Elle a attrapé le virus abeille à l’âge de sept ans, lorsque d’autres commençaient à lire des Tintin. A la tête, avec sa mère, de 35 colonies, elle préside aujourd'hui la Société d'apiculture des Franches-Montagnes. Rencontre avec une butineuse de vie.

Le virus abeille, elle l’a attrapé à l’âge de sept ans. Lorsque d’autres commençaient à lire des Tintin, Sarah Gerster a choisi de suivre sa maman qui démarrait dans l’apiculture. Depuis, sa passion des hyménoptères ne l’a pas lâchée. Alors aux études à Zurich, dans le domaine des Sciences assistées par ordinateur, elle décide de s'impliquer davantage dans le travail au rucher, histoire de sortir le nez de ses bouquins. De dix, le nombre est aujourd’hui passé à 35 ruches. Sans compter les jeunes colonies destinées à compléter les pertes hivernales ni l’élevage de reines. Une passion qui, à la belle saison, occupe la statisticienne du Fonds national suisse pour la Recherche quelque trois jours par semaine. De quoi encore lui laisser le temps d’occuper un poste de conseillère communale et de faire un peu de bénévolat au Magasin du Monde de Saignelégier.

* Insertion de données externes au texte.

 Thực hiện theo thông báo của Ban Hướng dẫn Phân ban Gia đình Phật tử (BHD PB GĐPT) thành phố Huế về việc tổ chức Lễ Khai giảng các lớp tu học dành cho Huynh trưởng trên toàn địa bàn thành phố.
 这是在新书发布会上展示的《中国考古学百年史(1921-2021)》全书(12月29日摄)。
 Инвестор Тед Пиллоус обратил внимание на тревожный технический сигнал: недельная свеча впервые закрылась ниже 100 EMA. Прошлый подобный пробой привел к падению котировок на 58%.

Rencontre avec une butineuse de vie.

Que représente l’apiculture pour vous ?

Une bouffée d’oxygène et beaucoup de plénitude. Malgré les travaux parfois très physiques, comme le traitement chimique des colonies ou les lourds cadres à manœuvrer, j’ai l’impression que cela me donne davantage d’énergie que cela m’en prend. Il ne faut pas mesurer son temps : on compte généralement 200 heures de travail pour dix colonies. Et tout dépend des travaux que l’on fait soi-même ou non, comme le conditionnement de la cire ou l’élevage de reines. En été je suis au rucher trois jours par semaine. Heureusement, ma mère et moi bénéficions de l’aide des autres membres de la famille et de mon ami.

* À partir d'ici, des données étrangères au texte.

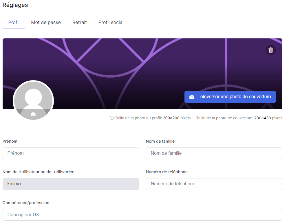 Les étudiants, à travers leur interface, peuvent suivre l’évolution de leur progrès, modifier leur profil, voir la liste des cours aux quels ils sont abonnés, voir leur liste de souhaits, leurs tentatives de quiz, participez à des questions réponses, etc.
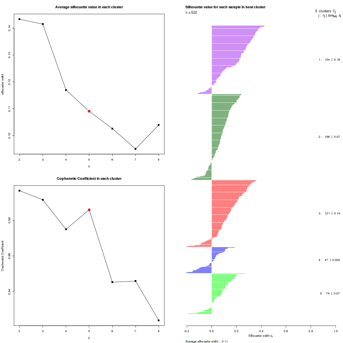 Figure 3. Get High-res Image The silhouette width was calculated for each sample and each value of k. The left upper panel shows the average silhouette width across all samples for each tested k (left upper panel). The left lower panel shows the Cophenetic Correlation Coefficients for each tested k. The right panel shows assignments of clusters to samples and the silhouette width of each sample for the most robust clustering.
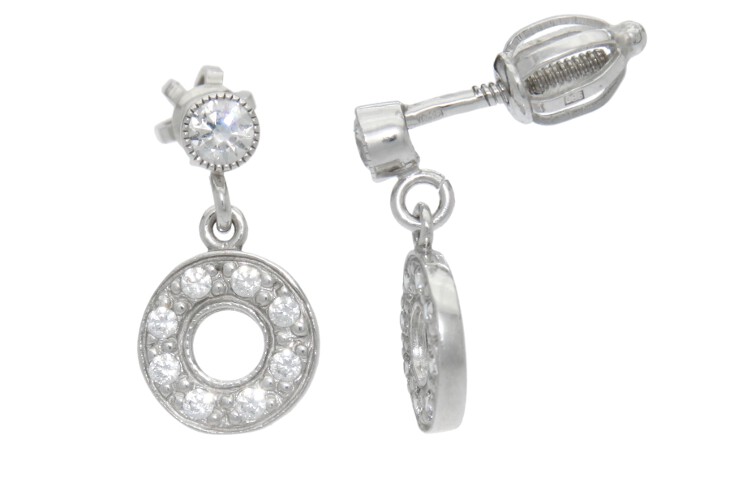 Náušnice visací bílé zlato Kolečko se zirkony SL-23307
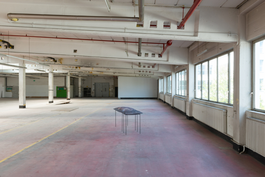 »nimala«, Installation, transparente Polyesterkissen, Digitaldruck auf Polyestergewebe, geschwärztes Eisengestell, 120x70x25 und 40x60x25 cm, Halle 15, Auf AEG, (Fotografien Annette Kradisch) 2020
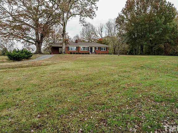 All-brick home on five rolling acres near Jordan Lake. County water! New roof 2015. Vinyl double-pane windows. Lovely hardwood floors in living & dining rooms & all bdrms. Huge country-kitchen. Built-in china cabinet in DR. Ceramic tile baths. Large deck. Detached wired workshop w/ 220. Orchard w/ peach, plum, apple trees. Flat high land, mostly cleared. Horses allowed. Fridge, washer & dryer stay. Carport. Minutes from Jordan Lake boat launch & parks.
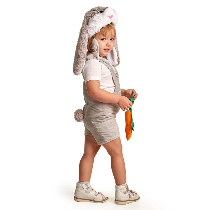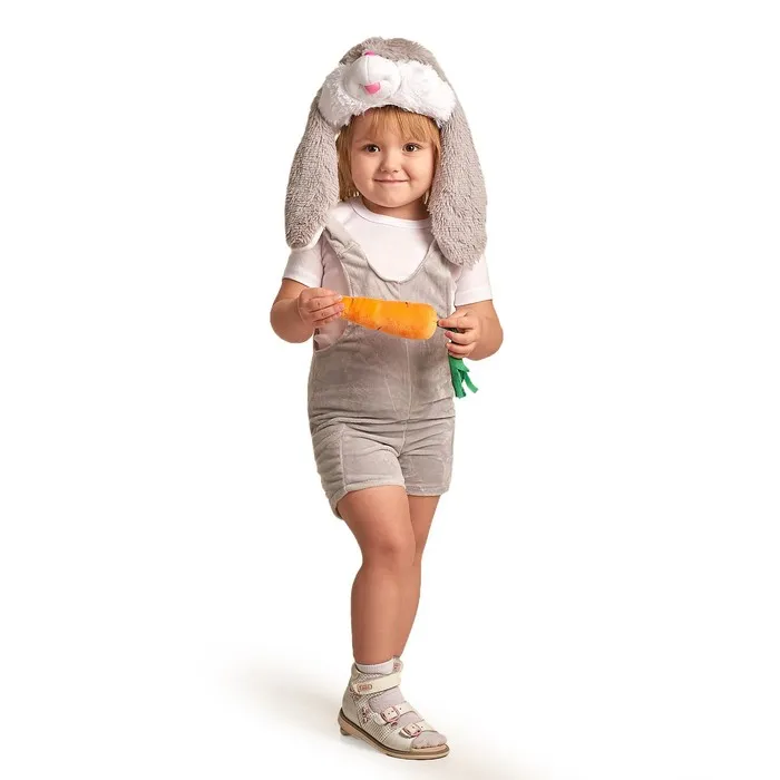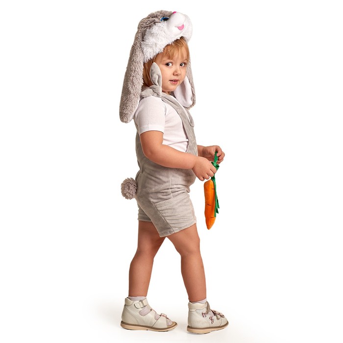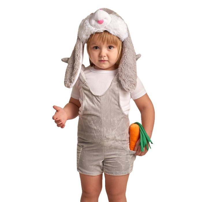 Карнавальный костюм детский «Заяц», шапка, комбинезон, мягконабивная морковка, 1-2 года, рост 92 см — Характеристики

Votre passion se nourrit-elle principalement de miel ?

Surtout de ma fascination pour les abeilles elles-mêmes. Ouvrir une ruche et apprécier le bourdonnement des hyménoptères, le fonctionnement de la colonie, la propre biologie de l’insecte et son rôle dans l’écologie globale, voilà qui me transporte complétement. Je nourris bien entendu un fort intérêt pour le miel et la cire, deux produits nobles et magnifiques. Mais c’est l’insecte lui-même qui m’intéresse le plus.

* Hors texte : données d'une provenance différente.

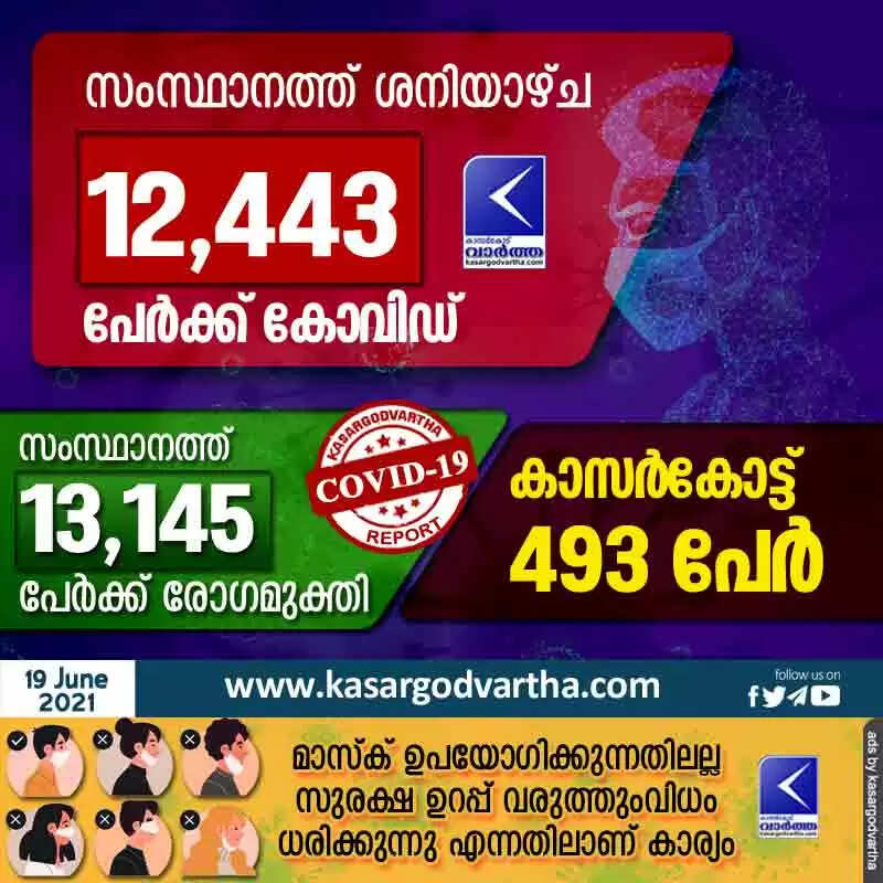 സംസ്ഥാനത്ത് ശനിയാഴ്ച 12,443 കോവിഡ് സ്ഥിരീകരിച്ചു: കാസർകോട് 493 പേർ

Comment se porte la Société d’apiculture franc-montagnarde, que vous présidez ?

Plutôt bien. Il y a trois sections dans le Jura, réparties par district, qui comptent en tout quelques 300 membres. La section franc-montagnarde en compte entre 70 et 75. Et quelque 80% des apiculteurs sont affiliés. Le chiffre évolue relativement peu. Dans l’idéal, lorsque les anciens arrêtent leur activité, de nouveaux « jeunes » devraient pouvoir reprendre les ruchers, ce qui se fait la plupart du temps. Je mets d’ailleurs le mot « jeune » entre guillemets car il s’agit parfois aussi de personnes arrivant à proximité de l’âge de la retraite qui se lancent dans l’apiculture. C’est une passion chronophage.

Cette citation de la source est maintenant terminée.